Last year saw the CMA’s first review of a merger in child fostering services. These businesses place children with foster parents when a local authority cannot place a child using its own in-house service. The merger was cleared on the condition that services were divested in three regions.

Now, with two fostering services businesses (Core Assets and Partnerships in Children’s Services) reported as up for sale, sellers and potential buyers will no doubt be considering whether competition concerns are likely to arise again.

(This blog article was first published in September 2018. Aldwych Partners was subsequently appointed lead competition adviser and secured CMA clearance for our client for the merger of Core Assets Group with Partnerships in Children’s Services. More recent blogs that discuss children’s services include a competition risk assessment for children’s residential care homes (December 2019) and a discussion of the tension between CMA oversight of competition issues in the sector and wider stakeholder concerns (January 2020).)

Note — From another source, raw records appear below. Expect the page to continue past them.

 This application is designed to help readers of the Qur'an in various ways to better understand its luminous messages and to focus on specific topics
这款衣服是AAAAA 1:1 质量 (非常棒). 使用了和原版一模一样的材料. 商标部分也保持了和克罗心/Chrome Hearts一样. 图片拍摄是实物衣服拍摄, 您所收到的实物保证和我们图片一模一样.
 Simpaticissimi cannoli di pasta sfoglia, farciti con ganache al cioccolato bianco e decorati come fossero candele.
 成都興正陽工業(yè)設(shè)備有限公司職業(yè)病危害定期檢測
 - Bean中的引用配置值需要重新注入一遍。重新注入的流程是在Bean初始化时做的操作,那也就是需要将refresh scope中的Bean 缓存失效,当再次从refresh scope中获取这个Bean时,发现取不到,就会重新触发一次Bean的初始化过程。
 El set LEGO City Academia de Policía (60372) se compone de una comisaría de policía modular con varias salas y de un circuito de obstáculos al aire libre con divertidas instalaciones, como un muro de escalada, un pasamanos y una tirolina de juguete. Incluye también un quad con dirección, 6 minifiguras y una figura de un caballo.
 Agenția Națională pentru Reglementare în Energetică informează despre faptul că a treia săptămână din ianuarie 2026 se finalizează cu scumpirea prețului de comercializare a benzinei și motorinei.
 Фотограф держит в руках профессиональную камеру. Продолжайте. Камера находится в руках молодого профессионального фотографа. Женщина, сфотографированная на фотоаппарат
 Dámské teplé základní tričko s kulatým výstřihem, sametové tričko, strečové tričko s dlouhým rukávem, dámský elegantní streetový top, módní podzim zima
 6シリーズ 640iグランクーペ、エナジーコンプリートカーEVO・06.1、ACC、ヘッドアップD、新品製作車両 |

The fostering services market has several features common to other health and care markets, where Aldwych Partners has worked extensively, but which are quite different to other markets that are typically reviewed by the CMA. This blog reviews these features, and also points to a further unusual feature identified by the CMA in the National Fostering Agency / Acorn Care and Education Group decision which may help secure clearance for upcoming fostering services transactions.

First, the CMA has found that private fostering services are a ‘spillover market’. Local authority demand for private services only arises when the in-house service that is operated by nearly all local authorities is unable place a child. That is, when the local authority wishes to use a private service, the in-house provider is no longer a viable alternative. As a result, the CMA has concluded that private providers compete with each other, but there is no significant competition between these private businesses and the in-house services operated by the local authorities. This type of purchasing behaviour is also seen in NHS mental health, and has similarly led the CMA to conclude that NHS and private providers of mental health services are not significant competitors for each other (see Acadia/Priory and Cygnet/Cambian).

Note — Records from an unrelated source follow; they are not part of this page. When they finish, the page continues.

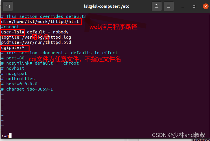8.拷贝thttp源码解压目录下的contrib/redhat-rpm目录下的thttpd.conf文件到系统/etc目录下,并进行如下配置。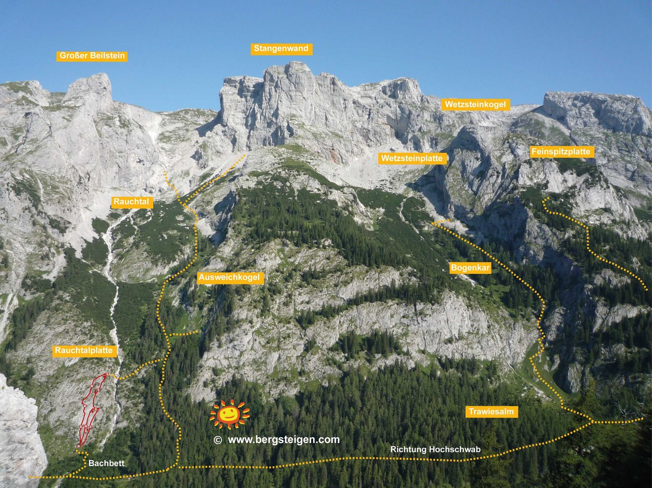 Vom Bodenbauer in Richtung Trawiesalm. Nach dem mächtigen Lawinenschlag im unteren Rauchtal auf der orogr. li. Seite des ausgetrockneten Bachbettes ca. 30m hoch. Dem Bachbett dann etwas 50m folgen bis nach links ein Steig zum Einstieg am Fuß der Wasserrillenplatte führt.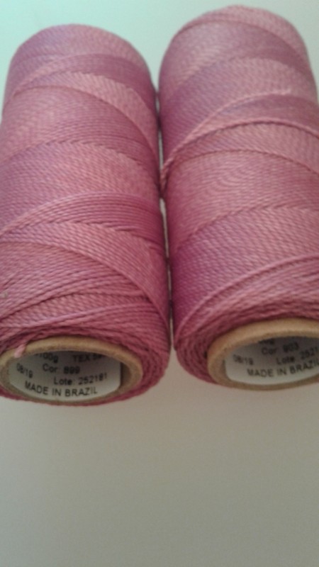 Le fil ciré brésilien Linhasita est fait de 4 brins de polyester ciré, enroulés ensemble pour former un fil de 1 mm de diamètre. Cette technique le rend solide, résistant aux moisissures et lavable.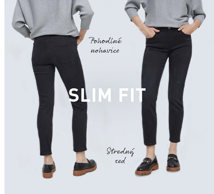 SLIM FIT – vypasované džínsy s úzkou nohavicou, ako okolo stehien, tak aj okolo členkov. Zvýrazňujú prirodzenú líniu postavy, ale príliš ju nesťahujú – sú pohodlné pri každodennom používaní.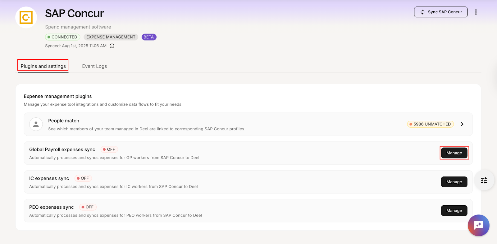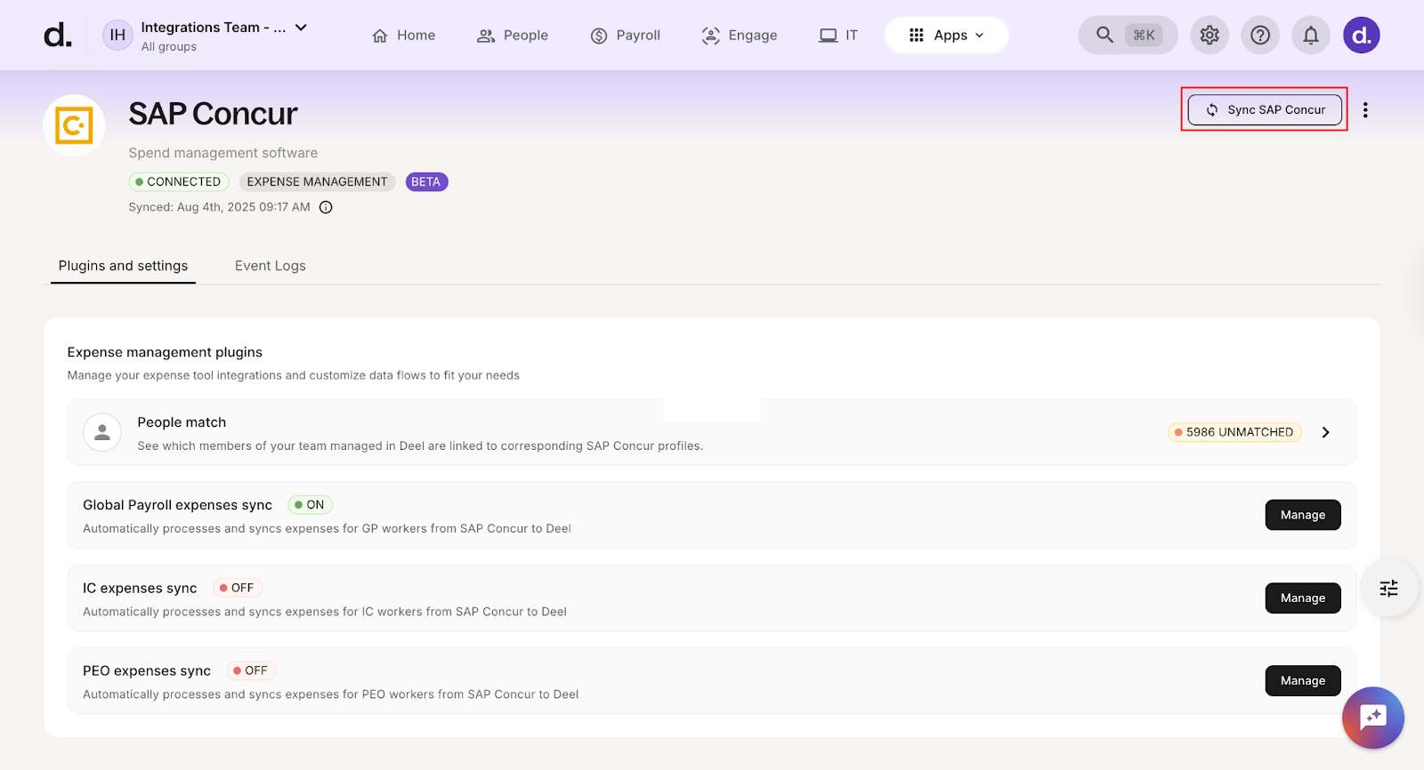 Automatic syncs occur daily, one way from SAP Concur to Deel, but you can manually trigger a sync: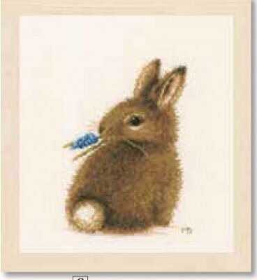 Cross stitch kit from Riolis featuring an adorable wild rabbit with blue flower! Kit contains 14 count flaxen Zweigart Aida, woolen/acrylic thread in 10 colors, needle(s), and color chart. Finished Size: 5" x 5"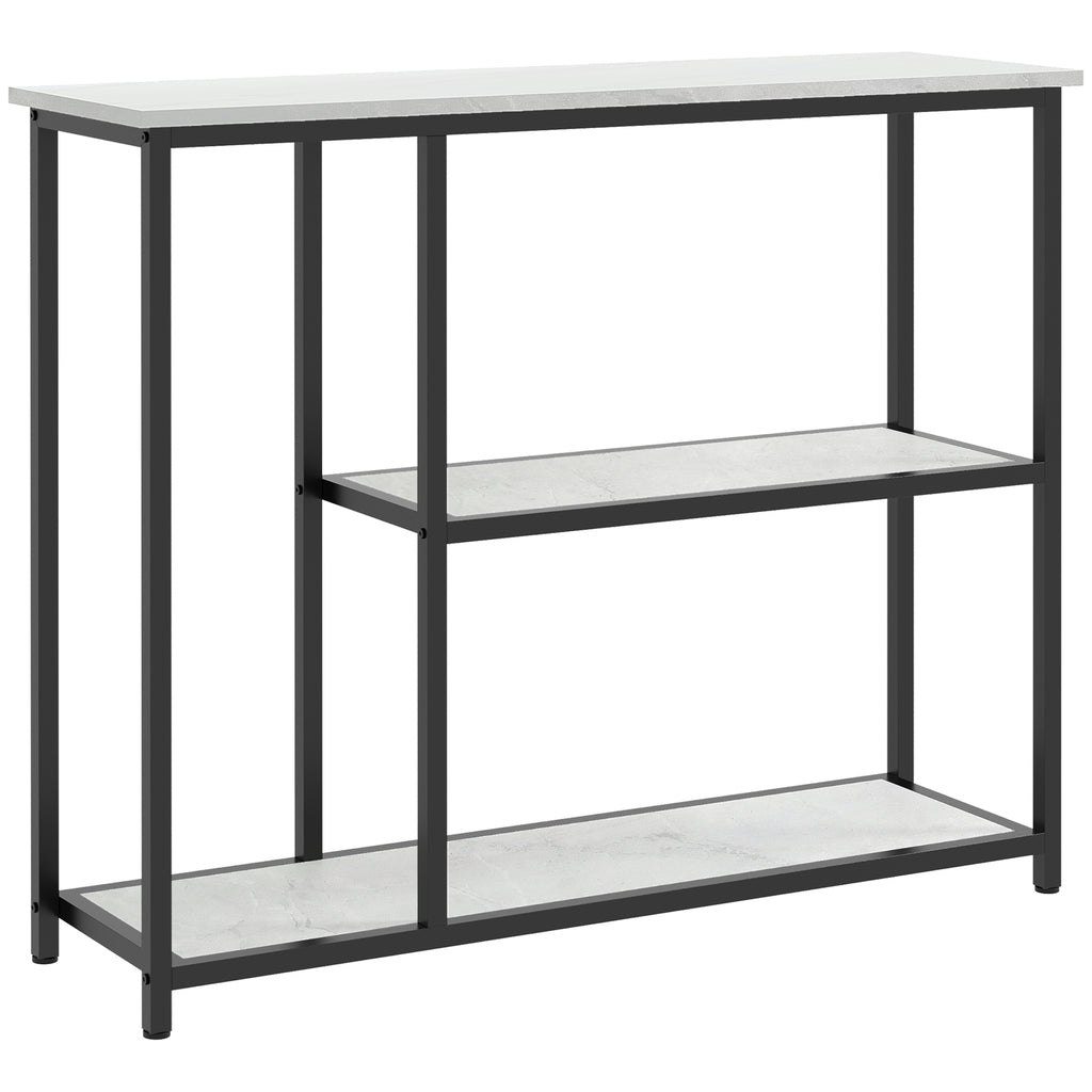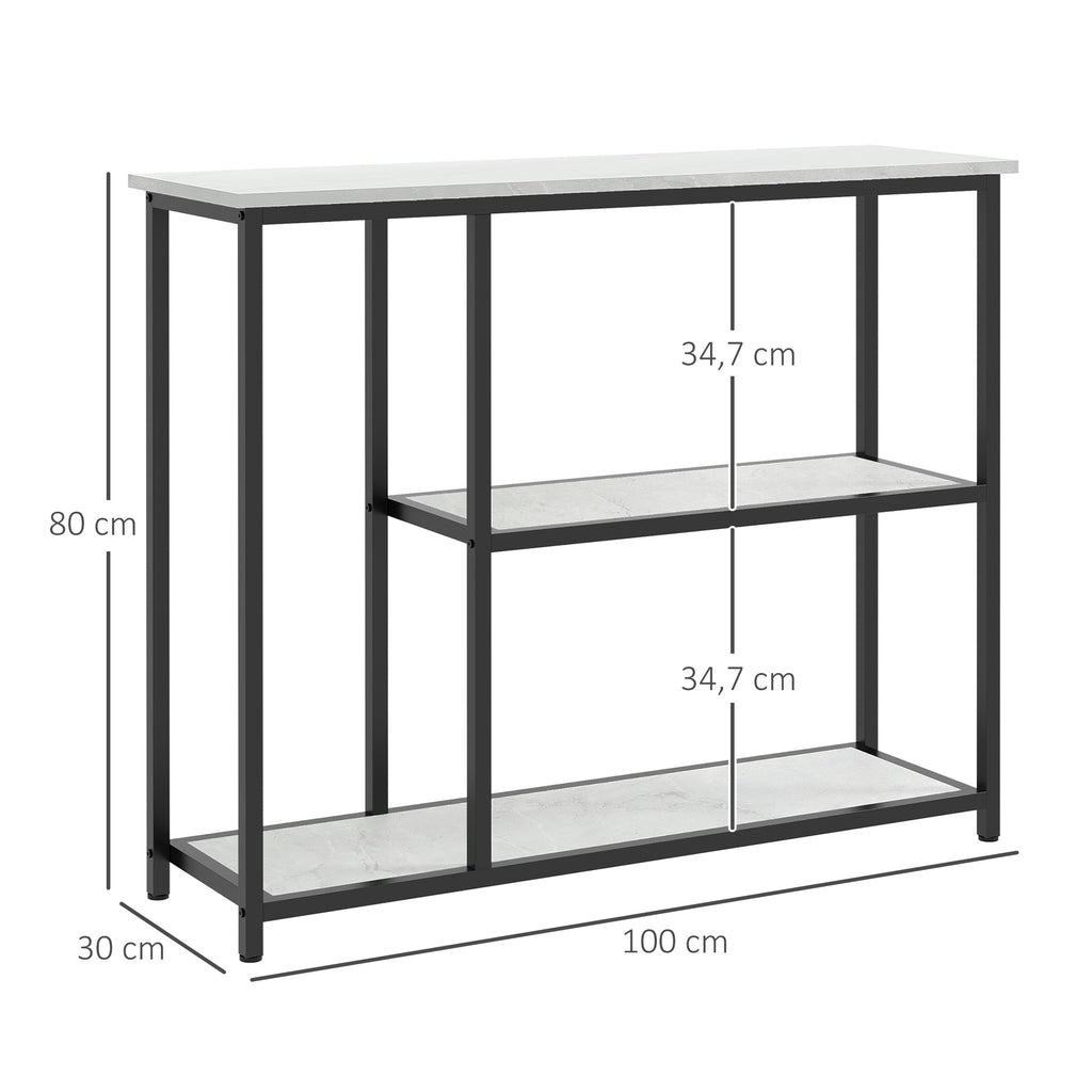 Suchen Sie eine clevere Aufbewahrungslösung und ein elegantes Design für den Eingangsbereich? Unser Konsolentisch von HOMCOM bietet viel Stauraum. Drei Ebenen zum Präsentieren von Familienfotos, Pflanzen oder vieles mehr. Holzwerkstoff & robuster Stahl garantieren Zuverlässigkeit & sind pflegeleicht. Verleihen Sie Ihrem Flur, Wohnzimmer und Schlafzimmer mit diesem eleganten Tisch einen Hauch von Klasse

Second, child fostering is a publicly-funded service, and local authorities are obliged to purchase services consistent with public procurement rules. To do this, local authorities, either individually or collectively, have set up framework contracts that private providers are admitted to (based on service quality and other factors). When local authorities wish to place an individual child using a private provider, they will start by approaching those providers on their framework, and perhaps turning to the ‘spot’ market of off-framework providers if no suitable provider can be found on the framework.

Framework contracts are quite common in other health and care services as well, but the significance of framework versus spot purchasing varies. In fostering services, it appears that framework-based purchasing is much more important than spot purchasing (given the focus of the NFA/Acorn decision on how providers compete to be admitted to frameworks). By contrast, NHS commissioners appear to purchase mental health services in the ‘spot’ market more frequently so as to secure the best possible deal. In care homes, the CMA has found that framework contracts play a very limited role in terms of influencing competition between suppliers as older persons, when choosing a publicly-funded care home placement, have a right of choice that is not constrained by local authorities’ pre-existing contracts with private providers.

Third, it might be reasonable to expect that local authorities would be able to exercise a significant degree of buyer power so as to ensure highly competitive prices (and other Ts&Cs) from private providers. However, as with NHS-funded health services, the CMA has not found that this is the case (or is sufficiently the case to clear a merger on its own). A review of foster care in England for the Department of Education published earlier this year is not particularly helpful for this argument describing many local authorities as “the weaker party in the fostering market, not the controllers of it”.

Finally, in NFA/Acorn, the CMA found – somewhat unusually – that one larger competitor would be more significant than two smaller competitors which, combined, were the same size. Fostering businesses were found to “condition its bid [for a framework placement] on how it expects its largest rivals to bid rather than on the expected bidding strategy of each of its numerous much smaller rivals”, and “the capacity of rival [fostering businesses] has a material impact on … bidding strategy”. This points to the possibility of the CMA accepting that there are competition enhancing efficiencies arising from mergers in this sector. That is, a merger between two competitors may actually increase, rather than reduce, competition as a result of increasing the pressure on larger players in the market.